Security teams should prioritize three actions based on the ExploitBench findings. First, accelerate patch deployment for browser and JavaScript engine vulnerabilities because the time between CVE disclosure and AI-generated exploit availability may be measured in hours rather than days for vulnerability classes where Mythos-class models have demonstrated proficiency. Second, evaluate whether existing red team workflows can incorporate AI-generated exploit scaffolding to accelerate human-led penetration testing, even if the AI cannot independently achieve T1 for every target. Third, monitor the ExploitBench leaderboard as additional models are evaluated and new tiers are added — the benchmark provides an objective, reproducible metric for tracking the offensive AI capability landscape over time. Enterprise AI deployment of red team tools requires careful access controls, and Coding Benchmarks have shown similar tiered performance patterns across other security evaluation frameworks.
The broader implication is that ExploitBench establishes a new category of AI evaluation — offensive capability measurement — that will influence how regulators, insurers, and enterprise buyers assess AI risk.

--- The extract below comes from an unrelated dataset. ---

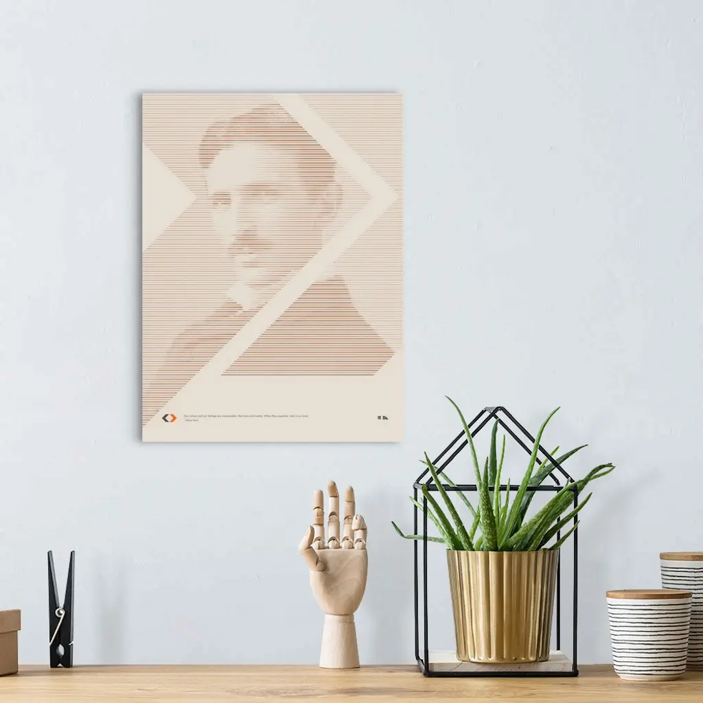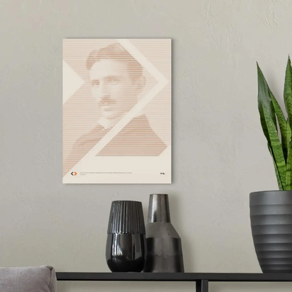 Graphic poster of Nikola Tesla made up entirely of orange, black, and gray arrows. Inspired by the great minds of science and those that are able to see the smaller details of our world.?Our virtues and our failings are inseparable, like force and matter. When they separate, man is no more. ? ?Nikola Tesla�

A model's ExploitBench score may become as important as its accuracy on standard benchmarks for determining whether it can be safely deployed in high-security environments. The EU AI Act's classification of high-risk AI systems may need to incorporate offensive capability tiers, and cyber insurance underwriters may begin asking about ExploitBench scores when assessing organizational AI risk exposure.
Conclusion
ExploitBench has established the first rigorous framework for measuring AI exploitation capability, and the results confirm that Claude Mythos 5 operates in a different tier from any other publicly evaluated model. The 9.90/16 average score, 21 ACE results, and the reproduction of a year-old unbroken vulnerability all point to a model that has crossed a meaningful capability threshold in offensive security. The cost is high at $36,428 for full evaluation, but the per-exploit economics are competitive with GPT-5.5 for the exploits that both models can achieve. For enterprise security teams, the path forward is clear: understand where your AI tools sit on the ExploitBench ladder, patch aggressively against vulnerability classes that Mythos-class models handle well, and monitor the benchmark as it evolves to track the accelerating pace of AI offensive capability.